File 1       | File 2       | File 3       | File 4
----------------------------------------------------------
[Sc1, X,Y,Z] | [Sc2, X,Y,Z] | [Sc3, X,Y,Z] | [Sc4,  X,Y,Z]
[5,   1,0,0] | [7,   1,0,0] | [9,   1,0,0] | [10,   1,0,0]
[6,   0,1,1] | [8,   0,1,1] | [4,   0,1,1] | [ 0,   0,1,1]
[3,   0,0,1] | [3,   0,0,1] | [8,   0,0,1] | [ 2,   0,0,1]

I am currently reading the data in with BufferedReader, but I am not sure how to organize the data once its read or if this is even a good approach.

 ArrayList<String> readFileFast (String expDir,String filename) {
        String path = expDir + filename;
        ArrayList<String> fileContents = new ArrayList<>();
        try {
            BufferedReader br = new BufferedReader(new FileReader(path));
            String line;
            while ((line = br.readLine()) != null) {
                fileContents.add(line);
            }
        } catch (Exception e) {
            SuperStackPrint(e);
        }
        return fileContents;
      }

println(readFileFast(expDir, "/DELETEME.csv"));

Any insight on how to do this properly would be appreciated.


Solution

  • You will benefit from using a library which specializes in reading and writing CSV files. There are a few to choose from, but here I will use OpenCSV.

    If you don't end up using this library, it may at least give you some ideas for your own approach.

    Also, when using libraries, I recommend using a tool such as Maven or Gradle to help manage this, as these tools take care of "dependencies of dependencies" for you - for example, where the OpenCSV library itself needs access to other libraries which it uses.

    For Maven, here is OpenCSV dependency for my POM file:

    <dependency>
        <groupId>com.opencsv</groupId>
        <artifactId>opencsv</artifactId>
        <version>5.2</version>
    </dependency>
    

    The approach:

    1. Create a Java class (a "bean") to hold the data that will be loaded from the source CSV file. This will be called SplitBean in my example.

    2. Create a collection of objects using this class, where each object contains the data for one row of the CSV file.

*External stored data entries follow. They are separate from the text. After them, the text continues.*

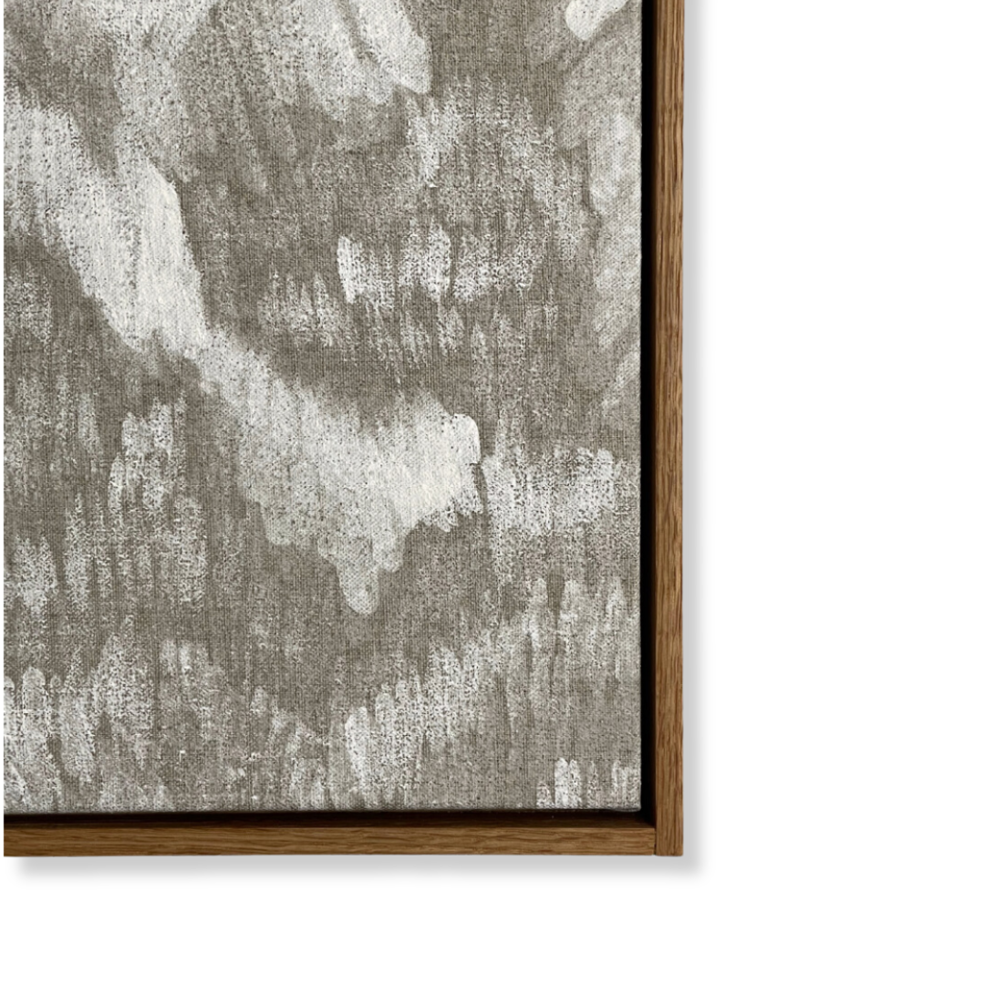 This artwork is framed in a solid oak floating frame. It is ready to hang.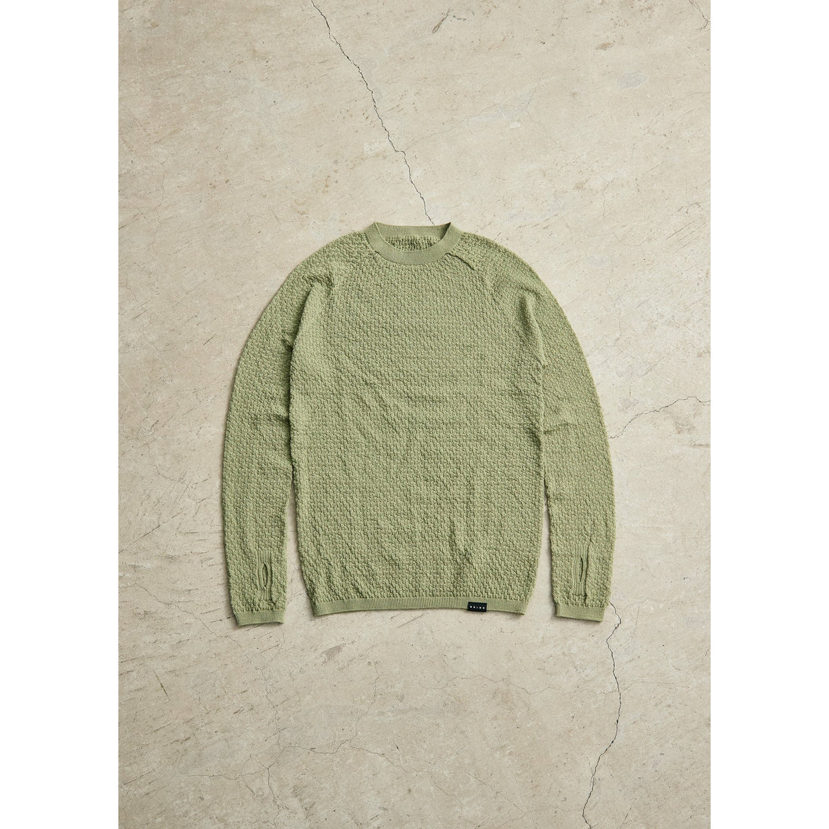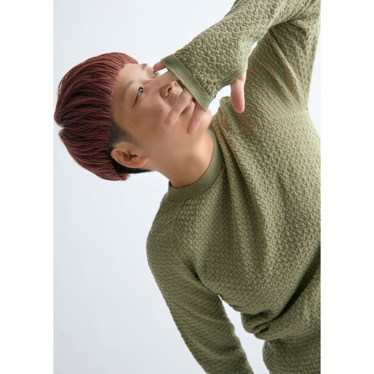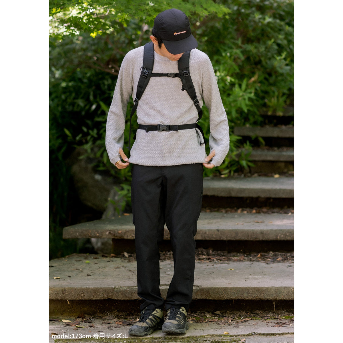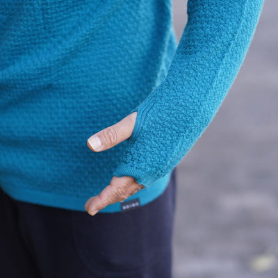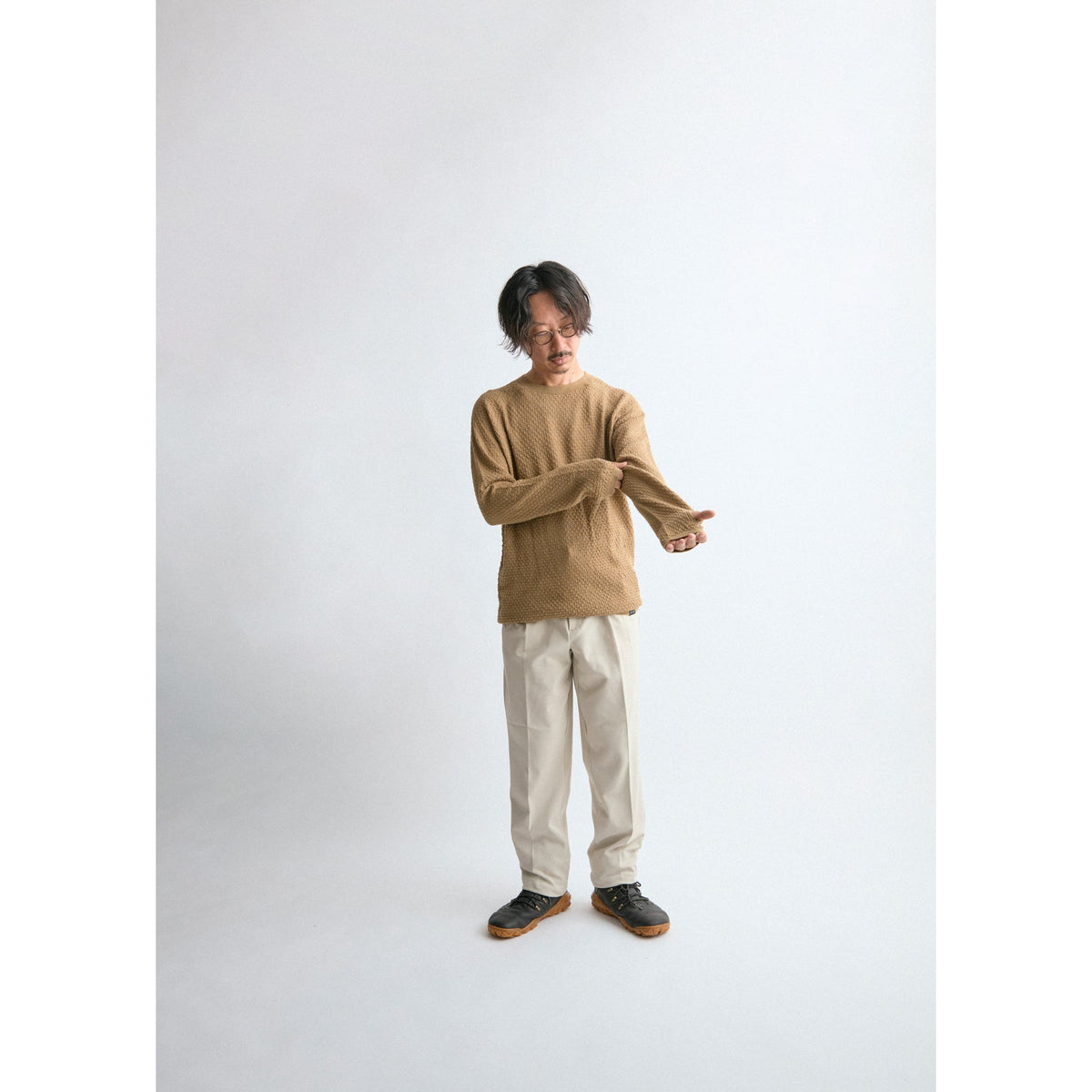 3Dメッシュのような凹凸のあるニット地が汗抜けと空気の層による保温力を両立してくれる優れモノ。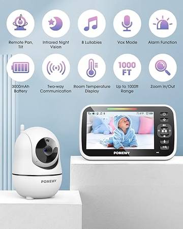 POMEWY Baby Monitor, 5” Large LCD Screen Video Baby Monitor with Camera and Audio.

    3. Iterate across this collection of objects, writing the relevant parts to 4 output files.

    You can choose to follow the above approach without using OpenCSV or a similar library. But you will have to write more of your own code relating to basic CSV operations. In your case, the data is not complicated, so that would not be unreasonable.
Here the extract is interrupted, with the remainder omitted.